Materials provided:
_ _ _ _ _

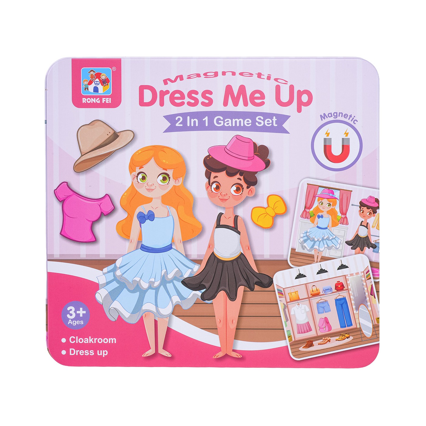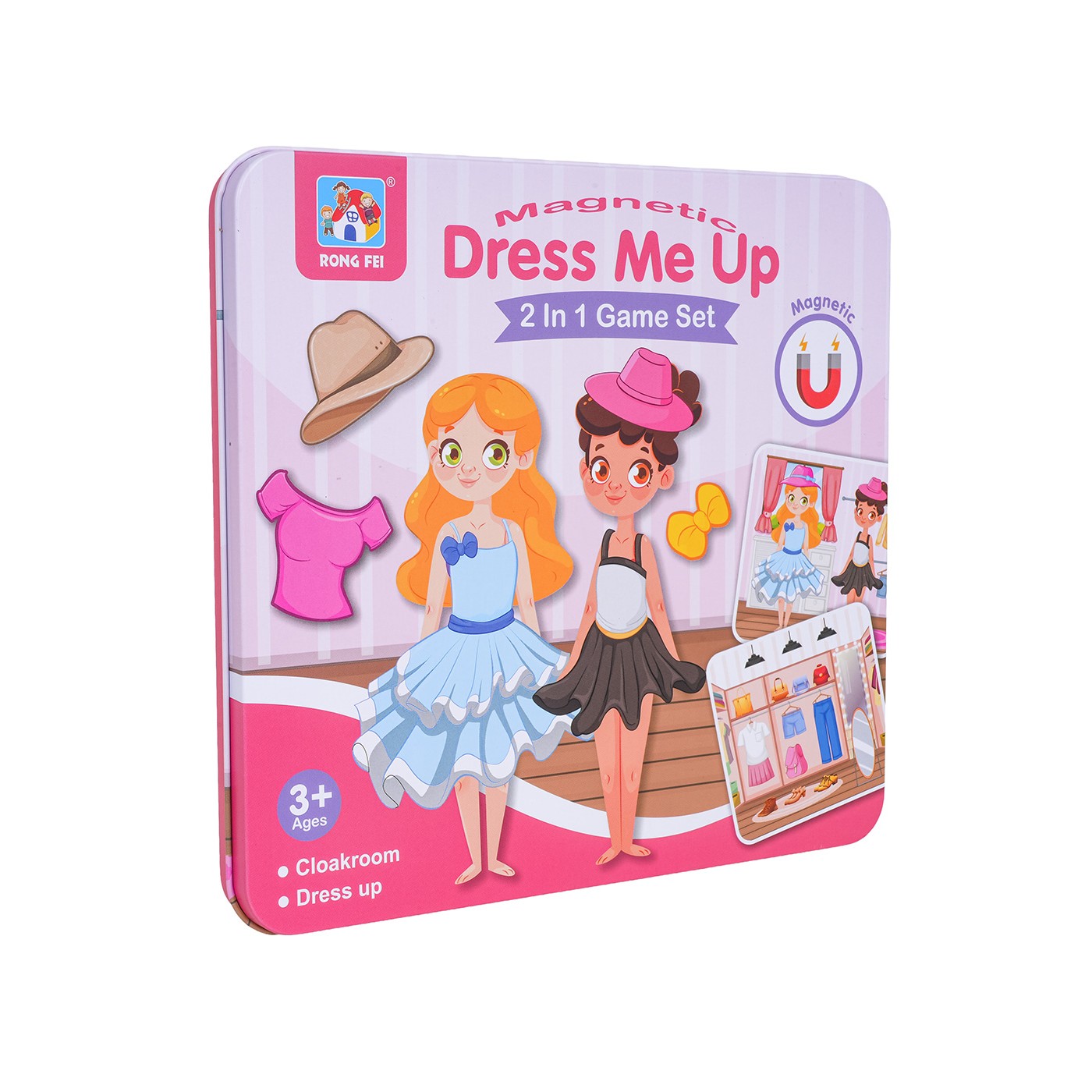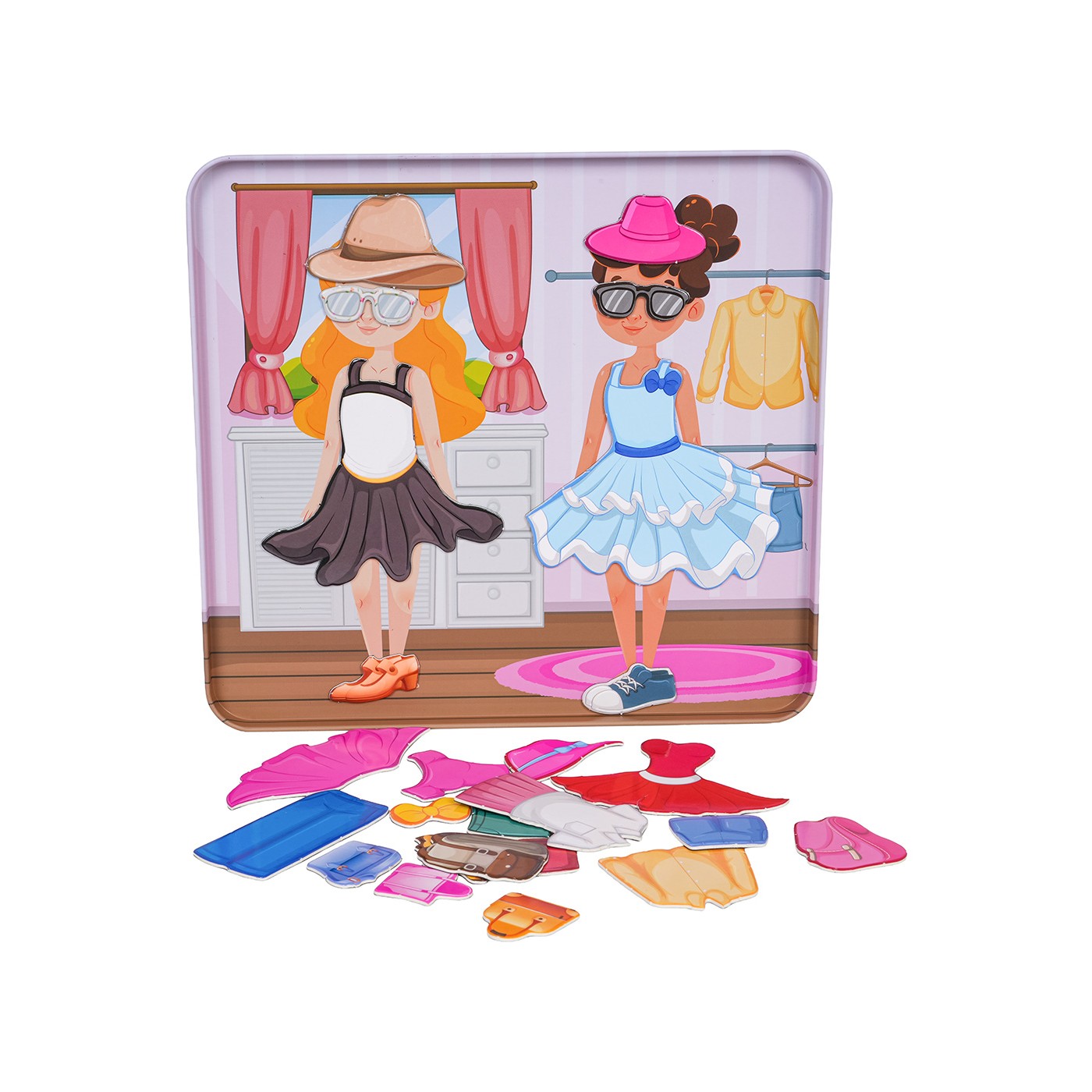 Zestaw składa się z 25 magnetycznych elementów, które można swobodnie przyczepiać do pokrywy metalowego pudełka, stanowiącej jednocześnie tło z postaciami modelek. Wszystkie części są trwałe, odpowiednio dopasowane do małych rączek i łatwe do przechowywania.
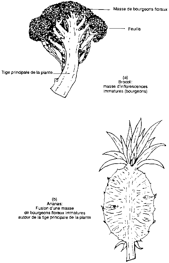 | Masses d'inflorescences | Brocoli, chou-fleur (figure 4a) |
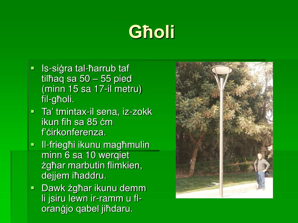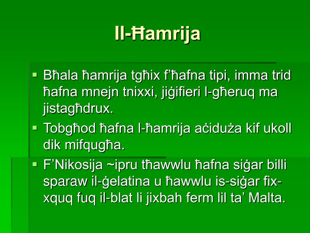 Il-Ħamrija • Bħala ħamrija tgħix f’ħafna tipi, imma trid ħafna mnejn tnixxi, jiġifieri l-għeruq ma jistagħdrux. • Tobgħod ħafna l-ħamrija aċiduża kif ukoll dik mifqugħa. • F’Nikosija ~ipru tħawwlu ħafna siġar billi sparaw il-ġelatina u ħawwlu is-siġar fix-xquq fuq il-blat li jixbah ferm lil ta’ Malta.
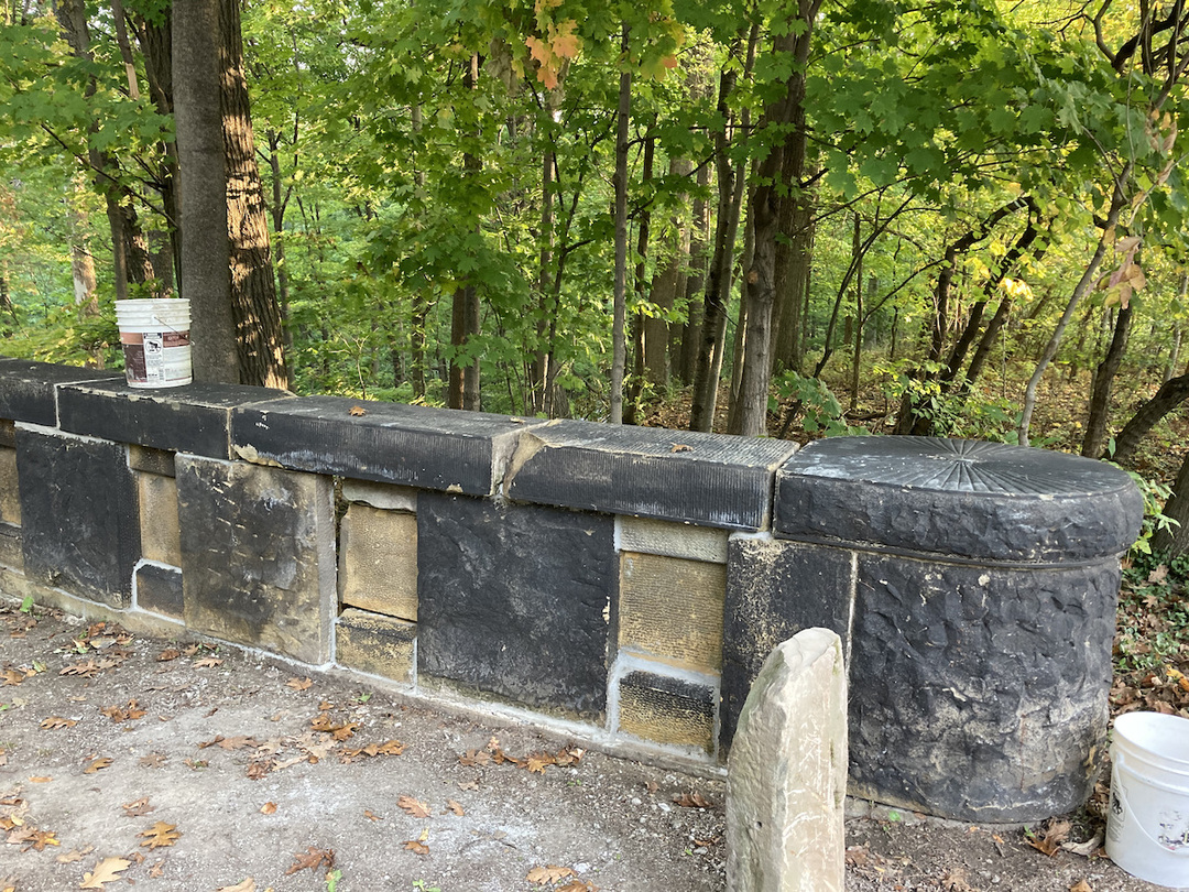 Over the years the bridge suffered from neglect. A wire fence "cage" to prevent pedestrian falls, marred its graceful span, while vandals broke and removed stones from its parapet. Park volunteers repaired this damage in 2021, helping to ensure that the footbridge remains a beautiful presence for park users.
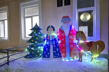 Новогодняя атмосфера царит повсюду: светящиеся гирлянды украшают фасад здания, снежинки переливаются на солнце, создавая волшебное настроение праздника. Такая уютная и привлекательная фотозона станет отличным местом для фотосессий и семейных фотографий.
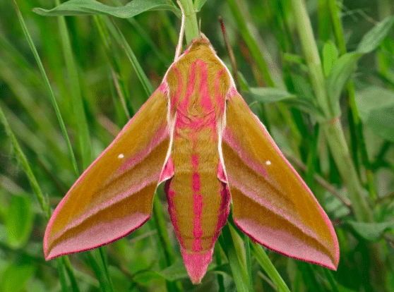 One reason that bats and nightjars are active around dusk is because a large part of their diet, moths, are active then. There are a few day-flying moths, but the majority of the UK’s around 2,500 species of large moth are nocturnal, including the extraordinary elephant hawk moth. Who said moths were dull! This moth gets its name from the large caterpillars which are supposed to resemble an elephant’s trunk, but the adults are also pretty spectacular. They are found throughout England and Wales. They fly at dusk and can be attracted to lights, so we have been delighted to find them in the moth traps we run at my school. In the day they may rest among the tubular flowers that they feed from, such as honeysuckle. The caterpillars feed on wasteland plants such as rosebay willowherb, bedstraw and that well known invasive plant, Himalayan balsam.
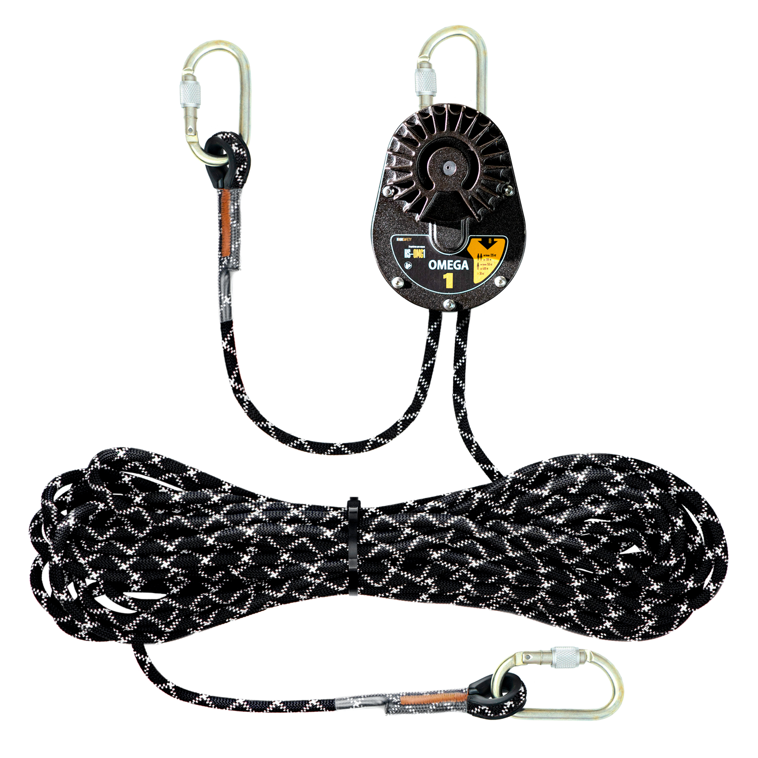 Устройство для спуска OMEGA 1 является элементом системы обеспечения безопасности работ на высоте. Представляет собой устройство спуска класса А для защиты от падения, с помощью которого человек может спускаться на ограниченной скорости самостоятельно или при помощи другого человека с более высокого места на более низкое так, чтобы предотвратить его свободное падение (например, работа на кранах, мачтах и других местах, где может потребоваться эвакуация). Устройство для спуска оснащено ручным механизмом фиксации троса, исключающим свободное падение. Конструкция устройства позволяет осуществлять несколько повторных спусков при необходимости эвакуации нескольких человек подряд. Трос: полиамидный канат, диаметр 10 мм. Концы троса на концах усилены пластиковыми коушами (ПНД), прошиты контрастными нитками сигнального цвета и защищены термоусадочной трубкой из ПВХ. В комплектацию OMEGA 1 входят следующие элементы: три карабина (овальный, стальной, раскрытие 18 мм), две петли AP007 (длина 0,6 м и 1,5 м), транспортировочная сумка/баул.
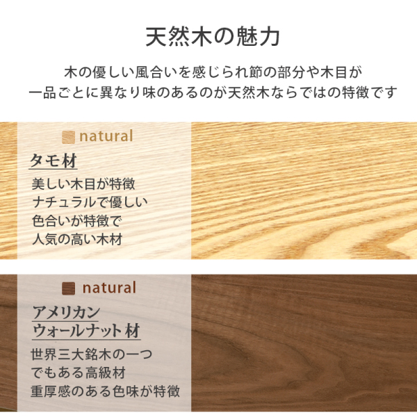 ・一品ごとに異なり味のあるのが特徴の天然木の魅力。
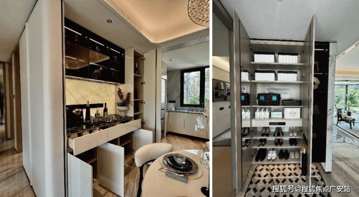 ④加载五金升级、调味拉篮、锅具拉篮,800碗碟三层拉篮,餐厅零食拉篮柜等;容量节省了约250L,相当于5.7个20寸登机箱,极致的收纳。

_ _ _ _ _

Work to be completed: What do the entries above read from the line containing "(figure 4a) |" through the line containing "Новогодняя атмосфера царит"? Output those lines exactly, both ends included, with the pictures left out.

Task solution:
 | Masses d'inflorescences | Brocoli, chou-fleur (figure 4a) |
 Il-Ħamrija • Bħala ħamrija tgħix f’ħafna tipi, imma trid ħafna mnejn tnixxi, jiġifieri l-għeruq ma jistagħdrux. • Tobgħod ħafna l-ħamrija aċiduża kif ukoll dik mifqugħa. • F’Nikosija ~ipru tħawwlu ħafna siġar billi sparaw il-ġelatina u ħawwlu is-siġar fix-xquq fuq il-blat li jixbah ferm lil ta’ Malta.
 Over the years the bridge suffered from neglect. A wire fence "cage" to prevent pedestrian falls, marred its graceful span, while vandals broke and removed stones from its parapet. Park volunteers repaired this damage in 2021, helping to ensure that the footbridge remains a beautiful presence for park users.
 Новогодняя атмосфера царит повсюду: светящиеся гирлянды украшают фасад здания, снежинки переливаются на солнце, создавая волшебное настроение праздника. Такая уютная и привлекательная фотозона станет отличным местом для фотосессий и семейных фотографий.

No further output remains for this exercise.